** Opening Records provided block **

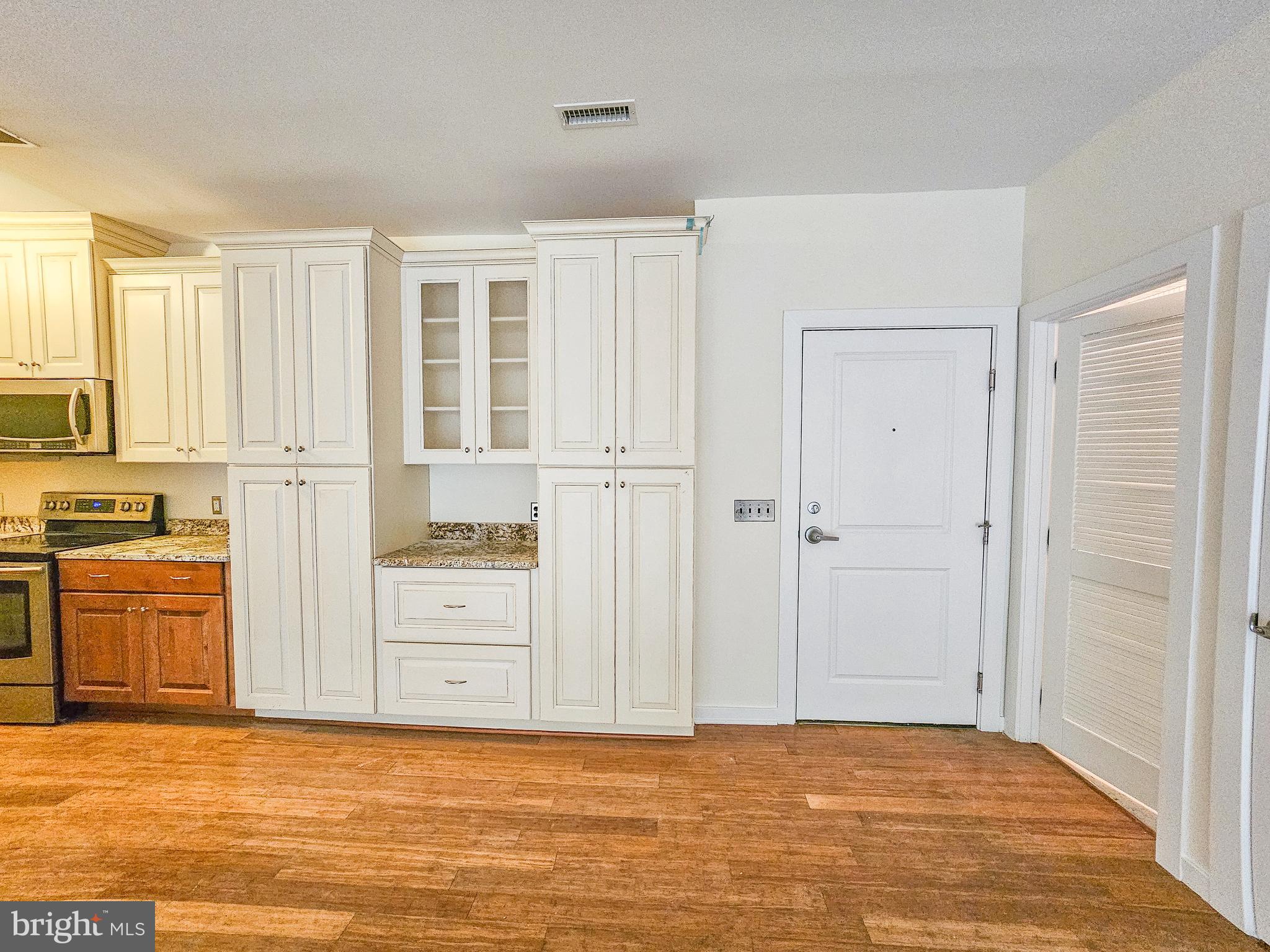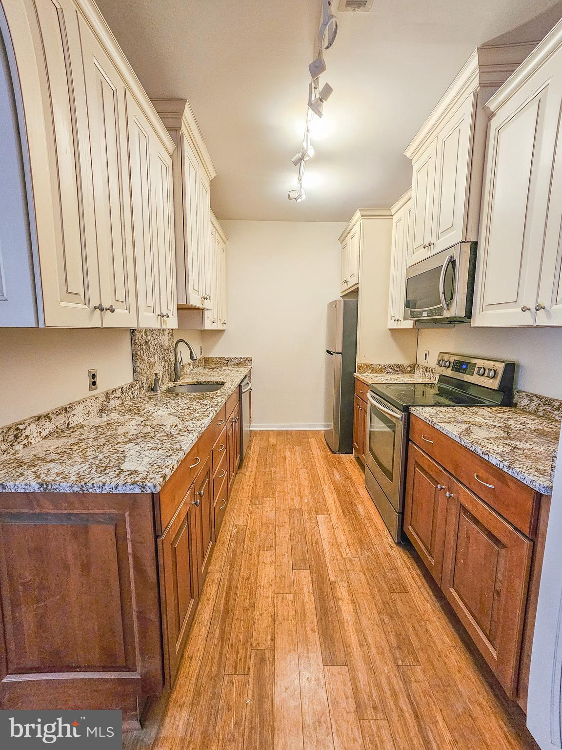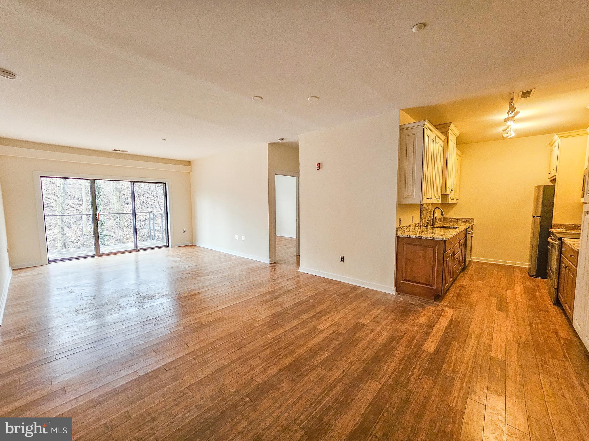 2-bedroom, 2-bath condo in the highly desirable Millrace Condominium features a tranquil balcony overlooking nature and comes with deeded garage parking. The open-concept living and dining area flows into a modern kitchen with granite countertops, while the primary suite boasts a walk-in closet and en-suite bath. Additional highlights include wood floors throughout, a stackable washer and dryer in the utility closet, a fully tuned-up HVAC system, and fresh paint throughout. Plus, enjoy exclusive membership to the Clipper Mill pool!
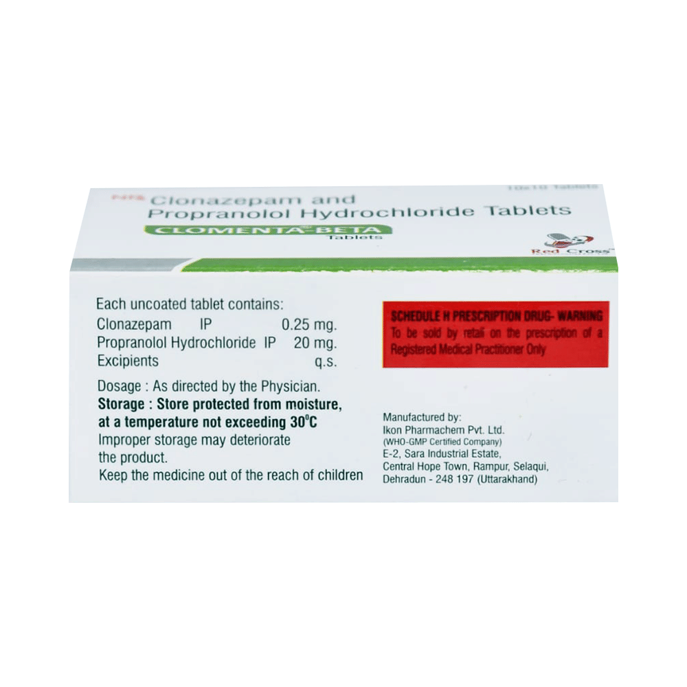 Clomenta-Beta Tablet is a prescription medicine used to treat anxiety disorder. It calms the brain by decreasing the abnormal and excessive activity of the nerve cells. It blocks the action of certain chemical messengers on the heart and blood vessels. This reduces heart rate and blood pressure. Clomenta-Beta Tablet should be taken on an empty stomach. However, it is advised to take it at the same time each day as this helps to maintain a consistent level of medicine in the body. Take this medicine in the dose and duration advised by your doctor as it has high habit-forming potential. If you miss a dose of this medicine, take it as soon as you remember. Finish the full course of treatment even if you feel better. It is important not to stop taking this medicine suddenly as it may cause withdrawal symptoms. Avoid consuming alcohol while taking this medicine as this may reduce its effectiveness.Some common side effects of this medicine include confusion, memory impairment, slow heart rate, tiredness, and nightmare. It may also cause dizziness and sleepiness. So, do not drive or do anything that requires mental focus until you know how this medicine affects you. It is important to inform your doctor if you develop any unusual changes in mood or depression as this medicine may cause suicidal thoughts.Take caution while taking medicine if you are suffering from liver disease. Your doctor should also know about all other medicines you are taking as many of these may make this medicine less effective or change the way it works. Inform your doctor if you are pregnant, planning pregnancy, or breastfeeding.
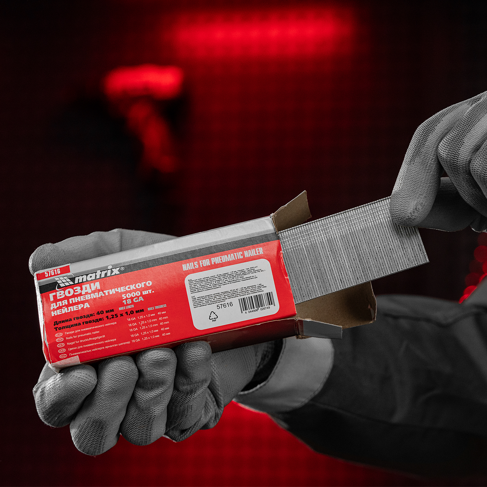 Гвозди для пневматического нейлера, длина 40 мм, ширина 1.25 мм, толщина 1 мм, 5000 шт Matrix в Челябинске
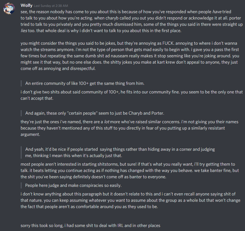 Hello, I'm Wolfy, you all are probably familiar with me from the community and Kart dev team. I'm the admin of the friend group mentioned in everyone's accounts of the situation, Bump Neps. It's a small Discord for me and my friends. All of the issues here occurred between members of this group, and as the one moderating it, it was my responsibility to make sure things were settled.
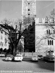 - Trento / Piazza Duomo / Scorcio della Torre Civica e del Palazzo Pretorio; veicoli parcheggiati
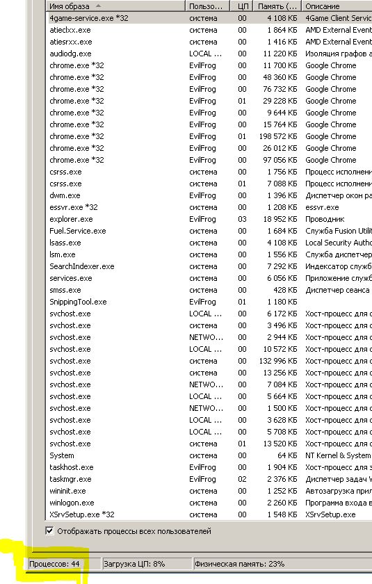 EvilFrog88 Ага. Вы просто не представляете сколько потоков в этих процессах, особенно, если многопороцессорность держат Я надеюсь, не IT специалистом работаете.
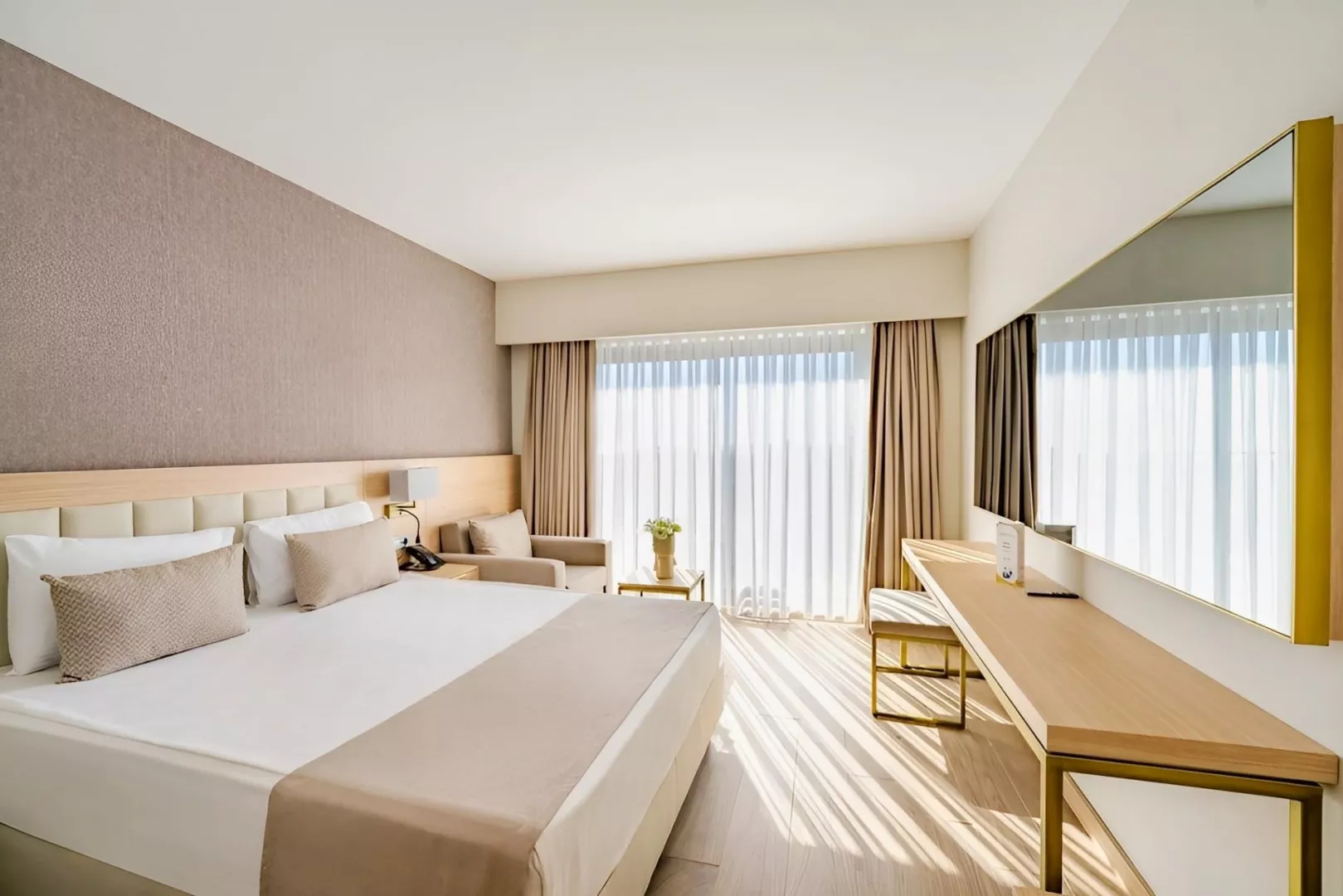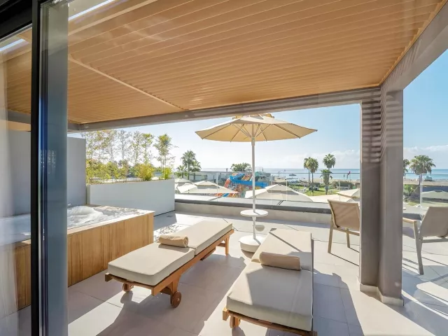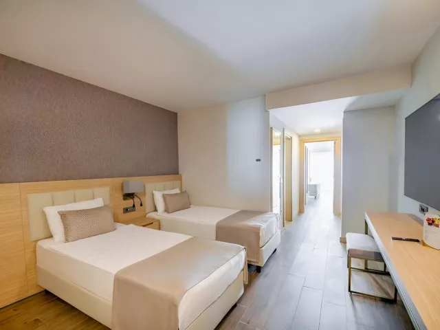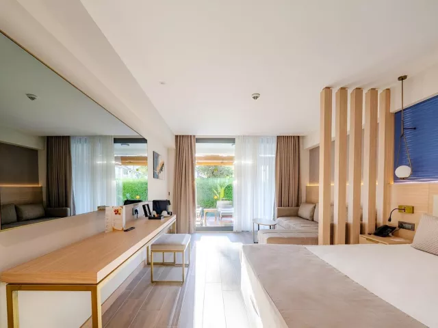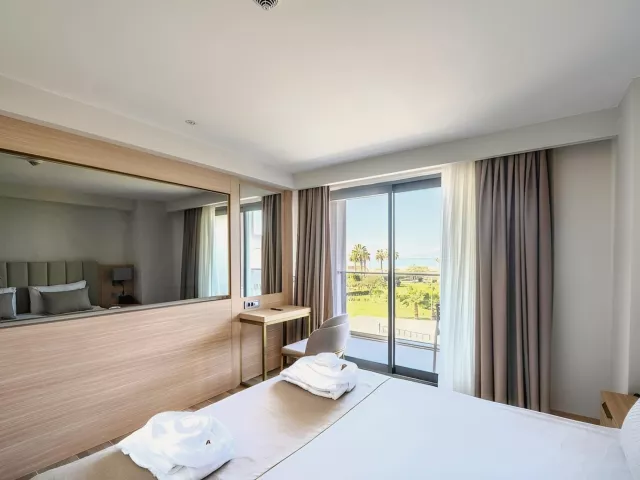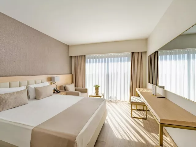Dvojlôžková izba s bočným výhľadom na more obsahuje kúpeľňu/WC (sušič vlasov), individuálnu klimatizáciu, telefón, TV/sat., minibar (denne dopĺňaný), trezor (zadarmo), Wi-Fi (zadarmo), balkón alebo terasu s bočným výhľadom na more. V ponuke sú aj iné typy izieb ako priestranná dvojlôžková izba, izba Swim Up s priamym vstupom do zdieľaného bazéna, rodinná izba Comfort so 2 oddelenými spálňami a suit s obývacou časťou.

** Closing Records provided block **

Exercise goal → Copy word for word the lines of the records above from the one with "Гвозди для пневматического" up to and including the one with "EvilFrog88 Ага. Вы". Skip the pictures.

Task response →
 Гвозди для пневматического нейлера, длина 40 мм, ширина 1.25 мм, толщина 1 мм, 5000 шт Matrix в Челябинске
 Hello, I'm Wolfy, you all are probably familiar with me from the community and Kart dev team. I'm the admin of the friend group mentioned in everyone's accounts of the situation, Bump Neps. It's a small Discord for me and my friends. All of the issues here occurred between members of this group, and as the one moderating it, it was my responsibility to make sure things were settled.
 - Trento / Piazza Duomo / Scorcio della Torre Civica e del Palazzo Pretorio; veicoli parcheggiati
 EvilFrog88 Ага. Вы просто не представляете сколько потоков в этих процессах, особенно, если многопороцессорность держат Я надеюсь, не IT специалистом работаете.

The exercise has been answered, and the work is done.